*ACTIVITY*: Could you please output all of the data exactly, without the images?

------ SUPPLIED INFORMATION ------

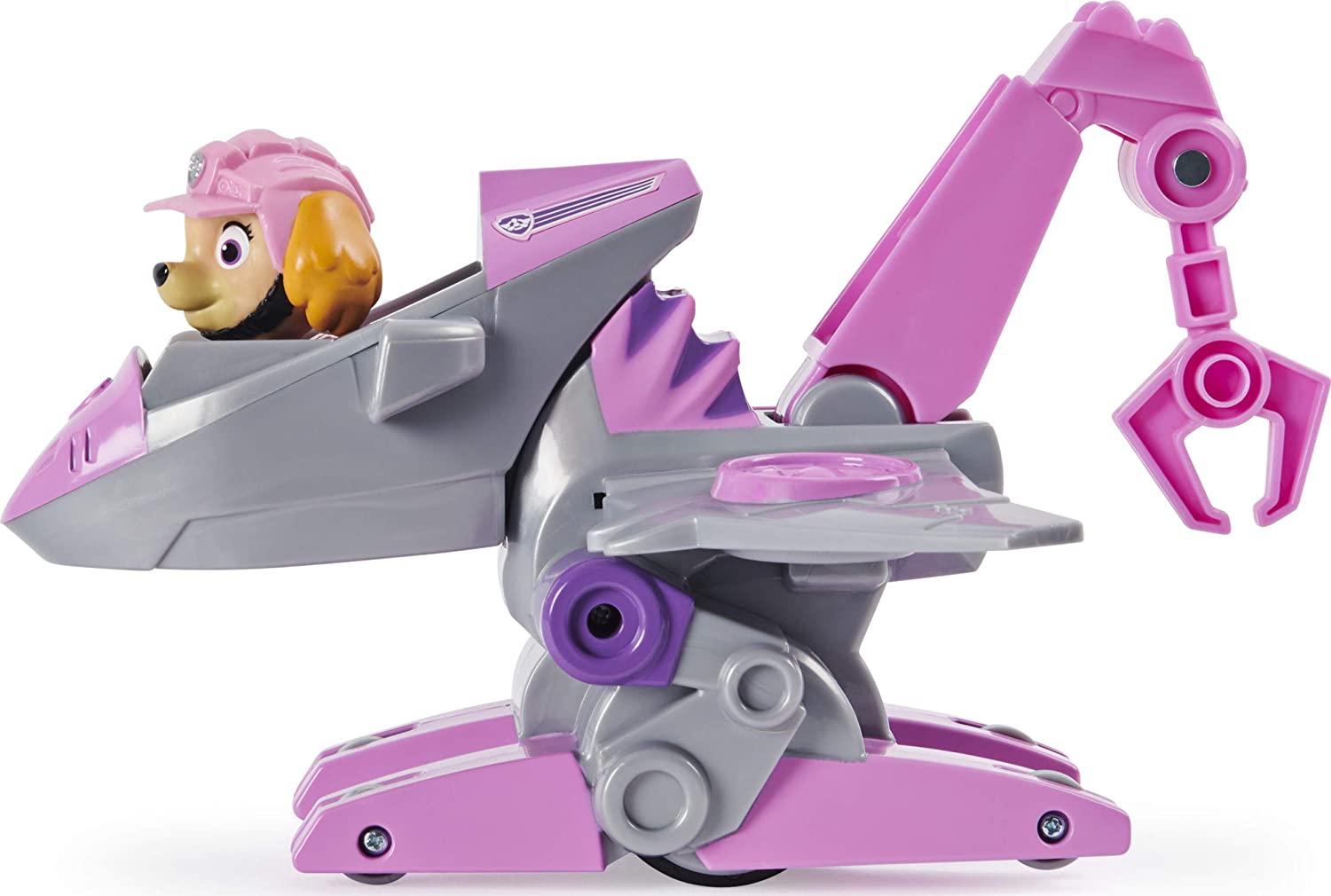 - Figura coleccionable de cielo: con su uniforme de rescate Dino rosa, coloca a Skye detrás de la rueda de su vehículo de lujo. Este cachorro está listo para aventuras prehistóricas!
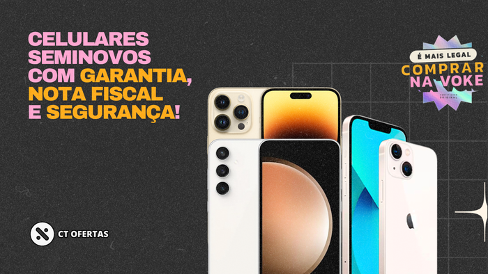 A Voke, especializada em eletrônicos seminovos, oferece smartphones usados que passam por inspeção técnica e estética, além de sanitização completa de dados. Todos os modelos saem com nota fiscal, garantia de até 6 meses e podem ser parcelados em até 10x sem juros. Veja algumas ofertas de celulares usados na Voke:
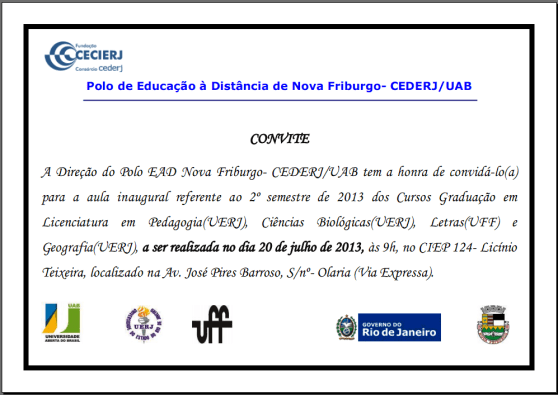 A direção do Polo pede que a partir do dia 17, após terem feito a inscrição, compareçam ao Polo para retirarem o material didático antes do dia 20, evitando a demora na secretaria. Assim vocês poderão participar da Aula inaugural.
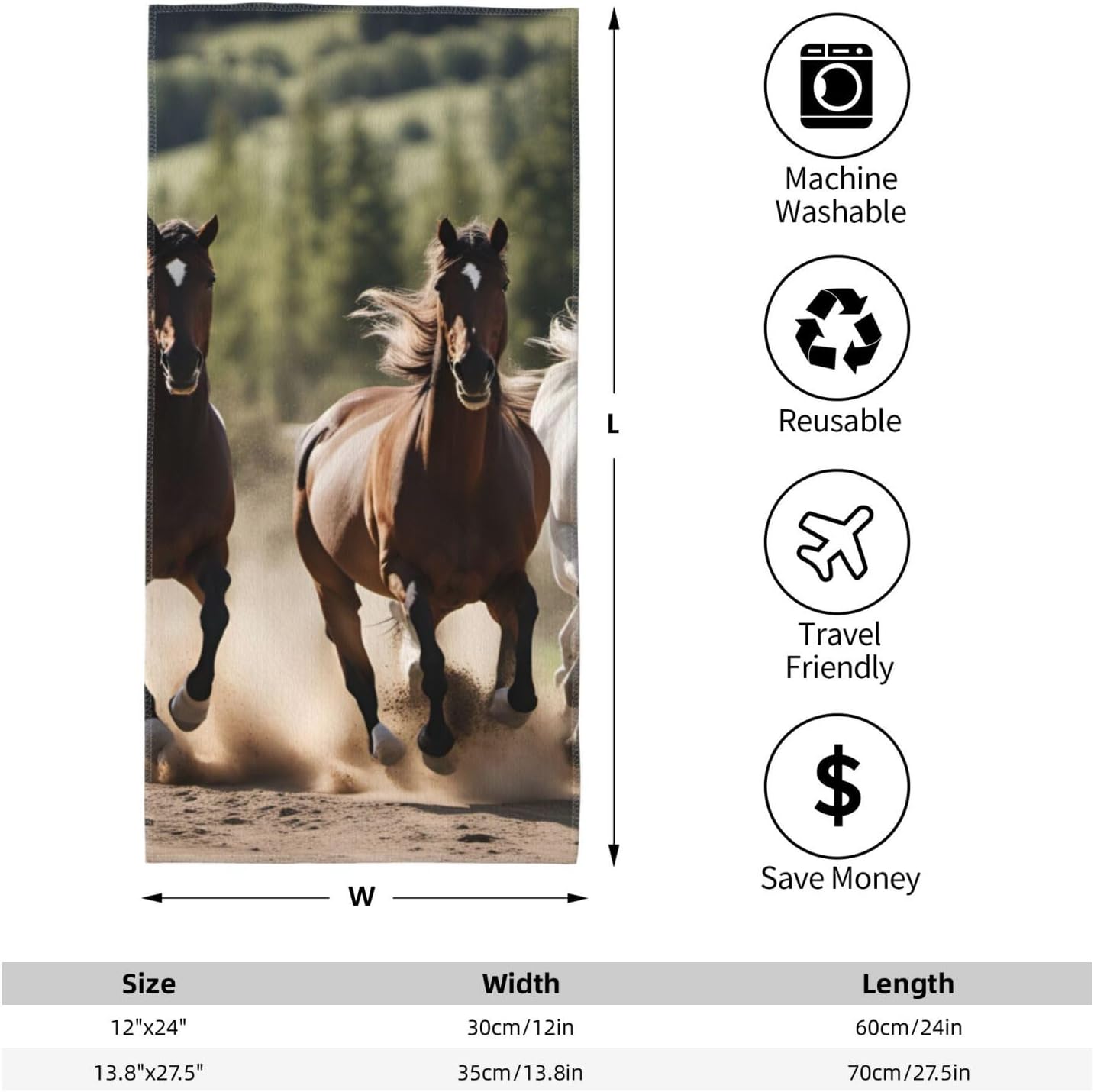 Crafted from premium polyester, the Three running horses print Bath towels offer an indulgent touch, with their plush and gentle texture embracing your skin as you dry off after a long day. The high-quality material ensures excellent water absorption, making them highly practical for everyday use. Their fade-resistant nature means the colors remain vibrant even after multiple washes. With two size options, 12*24 inches and 13.8*27.5 inches, these Three running horses print Bath towels can accommodate various preferences. The breathable fabric allows air to circulate, preventing that stuffy feeling and providing a refreshing experience.

------

*RESULT OF THIS TASK*:
 - Figura coleccionable de cielo: con su uniforme de rescate Dino rosa, coloca a Skye detrás de la rueda de su vehículo de lujo. Este cachorro está listo para aventuras prehistóricas!
 A Voke, especializada em eletrônicos seminovos, oferece smartphones usados que passam por inspeção técnica e estética, além de sanitização completa de dados. Todos os modelos saem com nota fiscal, garantia de até 6 meses e podem ser parcelados em até 10x sem juros. Veja algumas ofertas de celulares usados na Voke:
 A direção do Polo pede que a partir do dia 17, após terem feito a inscrição, compareçam ao Polo para retirarem o material didático antes do dia 20, evitando a demora na secretaria. Assim vocês poderão participar da Aula inaugural.
 Crafted from premium polyester, the Three running horses print Bath towels offer an indulgent touch, with their plush and gentle texture embracing your skin as you dry off after a long day. The high-quality material ensures excellent water absorption, making them highly practical for everyday use. Their fade-resistant nature means the colors remain vibrant even after multiple washes. With two size options, 12*24 inches and 13.8*27.5 inches, these Three running horses print Bath towels can accommodate various preferences. The breathable fabric allows air to circulate, preventing that stuffy feeling and providing a refreshing experience.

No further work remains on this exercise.